The DisGeNET Cytoscape App
The DisGeNET Cytoscape plugin (1) has been updated to correspond to Cytoscape versions 3.0 or higher. The DisGeNET Cytoscape App allows visualization of the GDAs as bipartite networks, and also exploration of the data in a disease or gene-centric way. A variety of features can be used to construct the networks, such as filtering by disease class, the DisGeNET gene-disease association type, data source and score range. The networks can also be built around a particular gene, or disease. The DisGeNET Cytoscape App, and a detailed tutorial on how to use it, are available for download at http://disgenet.org/web/DisGeNET/menu/app.
DisGeNET-RDF
DisGeNET data are also published as machine-readable data through DisGeNET-RDF (23) and nanopublications (24) linked data sets, which increases the FAIRness of the data (25). Entities and properties in DisGeNET-RDF are semantically defined making extensive reuse of standard identifiers, vocabularies and ontologies such as the National Cancer Institute thesaurus, for medical vocabulary and the Semanticscience Integrated Ontology (26) for general science. DisGeNET-RDF is interlinked to other biomedical databases available in the LOD cloud that enables performing complex queries that need the interrogation of different resources to be answered. The DisGeNET SPARQL endpoint allows exploration of the DisGeNET-RDF data set and query federation to expand DisGeNET gene-disease association information with data on gene expression, drug activity and biological pathways, among others. Representative queries linking the data to other resources such as Wikipathways (27), ChEMBL (28) and the Gene Expression Atlas (29) are available at the RDF page in the website (http://www.disgenet.org/web/DisGeNET/menu/rdf#sparql-queries).
The disgenet2r R package
DisGeNET data can also be accessed via an R package, disgenet2r. The package contains a series of functions to retrieve gene-disease and variant-disease data, and to perform mappings between several biomedical vocabularies. The results of the queries can be visualized using a variety of plots, such as heatmaps, barplots and several types of networks. The package is especially well suited to explore the genetic basis of diseases, and disease comorbidities. Furthermore, the disgenet2r package permits benefiting from the Semantic Web technologies, without the need of special expertise in this area through a set of functions that use DisGeNET-RDF and other resources available in the LOD cloud. These functions include retrieving the druggable targets for a disease of interest, or obtaining the biological pathways for a list of disease genes. The disgenet2r package also expedites the integration of DisGeNET data with other R packages. The source code and documentation of disgenet2r package are available at https://bitbucket.org/ibi_group/disgenet2r.
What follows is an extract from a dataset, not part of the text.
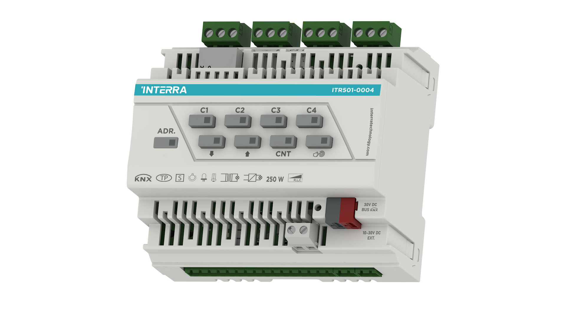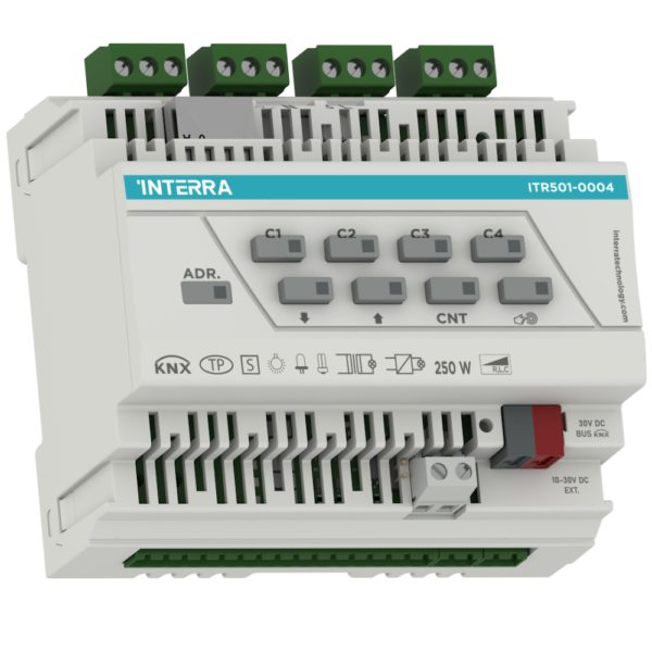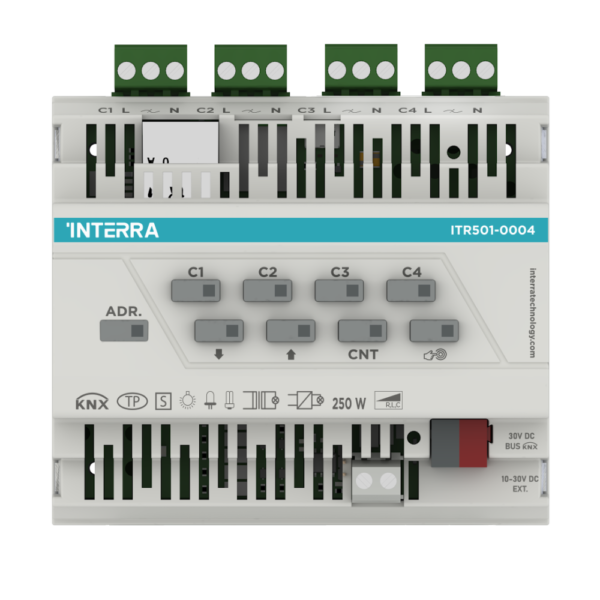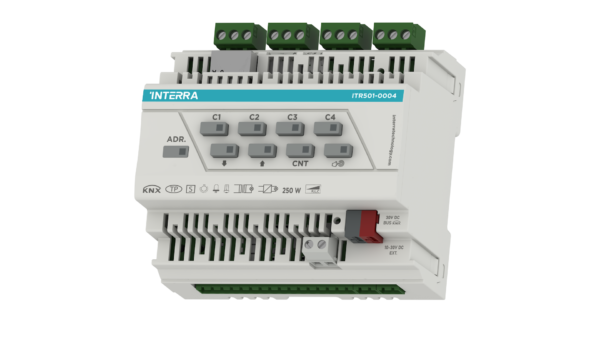 Interra 4 Channel Universal Dimming Actuator can produce 250 W output power from each channel and drive R, L and C loads. Temperature protection, short circuit protection, error notification via channel LEDs, load presence detection and load type detection features are available. It is possible to program the device without applying 230 V supply voltage.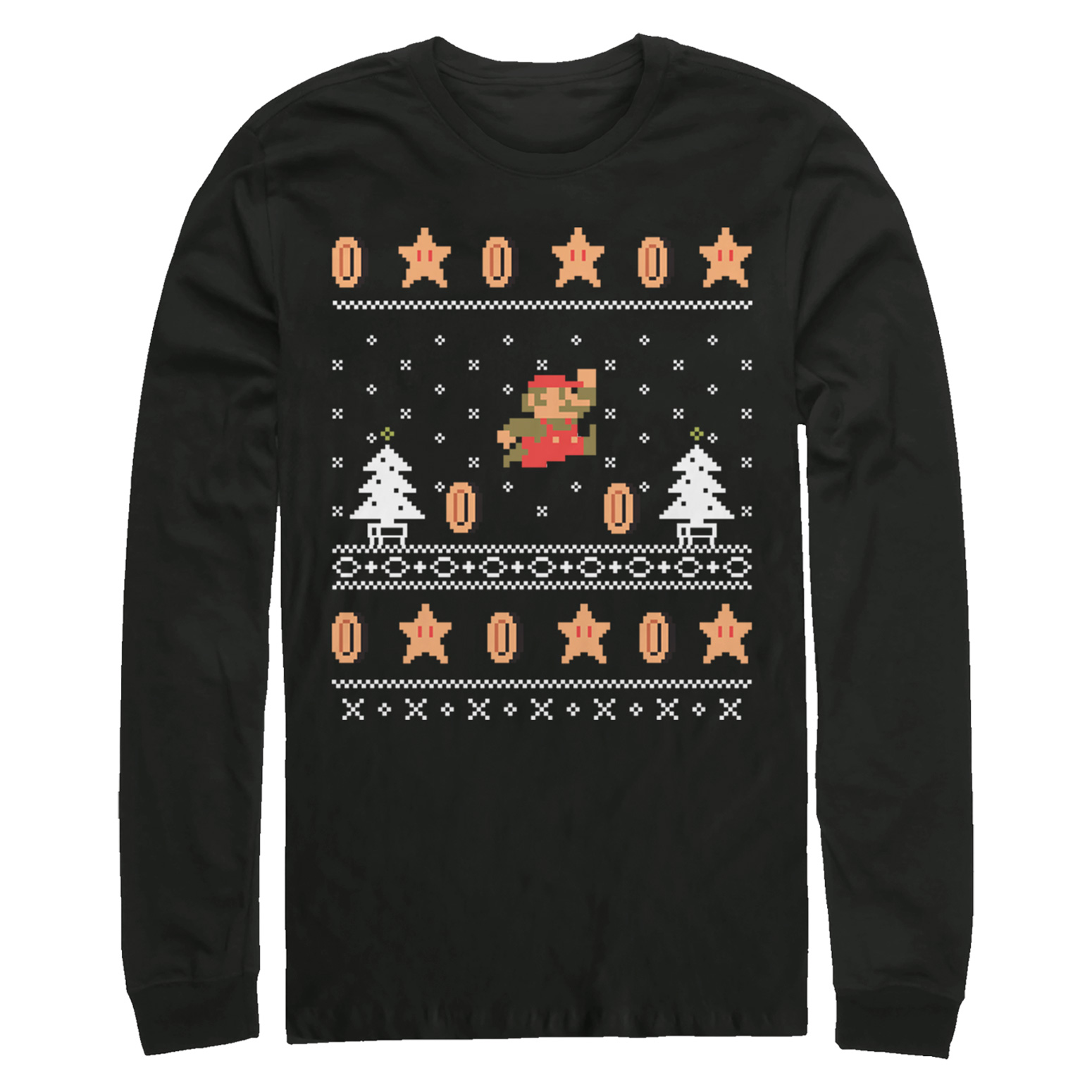 Men's Nintendo Ugly Christmas Mario Coin Adult Long Sleeve Shirt

CONCLUSIONS AND FUTURE PERSPECTIVES
New trends are starting to emerge in disease therapeutics. Some examples include immunotherapies, gene therapy, the use of siRNA and anti-sense oligonucleotides, and the more recent possibility of genome editing with CRISPR-cas9 systems. The structural constraints imposed by ‘classical’ drug development will no longer be a limitation, marking the end of the so called ‘druggable genome’ (30). With this, a new type of therapy, based on disease mechanisms is starting to emerge (31). The precise knowledge of the molecular processes underlying disease pathophysiology will become the new limiting step in drug development. In order to elucidate these mechanisms, integrative approaches that aggregate all the available information on the genetics basis of diseases are an essential step. Currently, some of the more popular resources only represent a fraction of the available knowledge. For example, OMIM (32) covers only Mendelian diseases, Orphanet (6) is a compilation of rare diseases, while the GWAS Catalog (7) is a repository for GWAS data, involving mainly complex diseases and traits (For a detailed list of available resources, see Supplementary Table S1). Conversely, DisGeNET aims at integrating information on the genetic underpinnings of all disease therapeutic areas, and in such endeavor, at being a repository of reference for closing the genotype–phenotype gap.
DisGeNET platform has been used to study a variety of biomedical problems, which include investigating the molecular basis of specific diseases (33–36), annotating lists of genes produced by different types of omics and sequencing protocols (37–39), validating disease genes prediction methods (40–42), understanding disease mechanisms in the context of protein networks (43,44), gaining insight into drug action (45) and drug adverse reactions mechanisms (46), drug repurposing (47), exploring the molecular basis of disease comorbidities (48,49), assessing the performance of text-mining algorithms (50) and as part of other resources (51–53).
DisGeNET is a well-established resource with four stable releases (as of October, 2016). It is regularly growing, fuelled and kept up-to-date by the new research, by the incorporation of new data sources, and by the interest of a growing community of users. The careful use of standards, and state of the art biomedical ontologies, the attention paid to keeping track of the provenance of the information, together with the extensive documentation of the data processing and the multiple access points, makes of DisGeNET a platform of choice to support translational research.
Acknowledgments
The authors would like to thank the Exome Aggregation Consortium and the groups that provided exome variant data for comparison. A full list of contributing groups can be found at http://exac.broadinstitute.org/about.
Footnotes
Present address: Núria Queralt-Rosinach, Department of Molecular and Experimental Medicine, The Scripps Research Institute, La Jolla, CA 92037, USA.
SUPPLEMENTARY DATA
Supplementary Data are available at NAR Online.
FUNDING
Instituto de Salud Carlos III-Fondo Europeo de Desarrollo Regional [CP10/00524 and PI13/00082]; Innovative Medicines Initiative Joint Undertaking [Open PHACTs No. 115191]; resources of which are composed of financial contribution from the European Union's Seventh Framework Programme [FP7/2007-2013]; EFPIA companies’ in kind contribution; European Union Horizon 2020 Programme 2014-2020 [MedBioinformatics No. 634143 and Elixir-Excelerate No. 676559]. The Research Programme on Biomedical Informatics (GRIB) is a member of the Spanish National Bioinformatics Institute (INB), PRB2-ISCIII and is supported by grant PT13/0001/0023, of the PE I+D+i 2013-2016, funded by ISCIII and FEDER. Funding for open access charge: Instituto de Salud Carlos III-Fondo Europeo de Desarrollo Regional [PI13/00082].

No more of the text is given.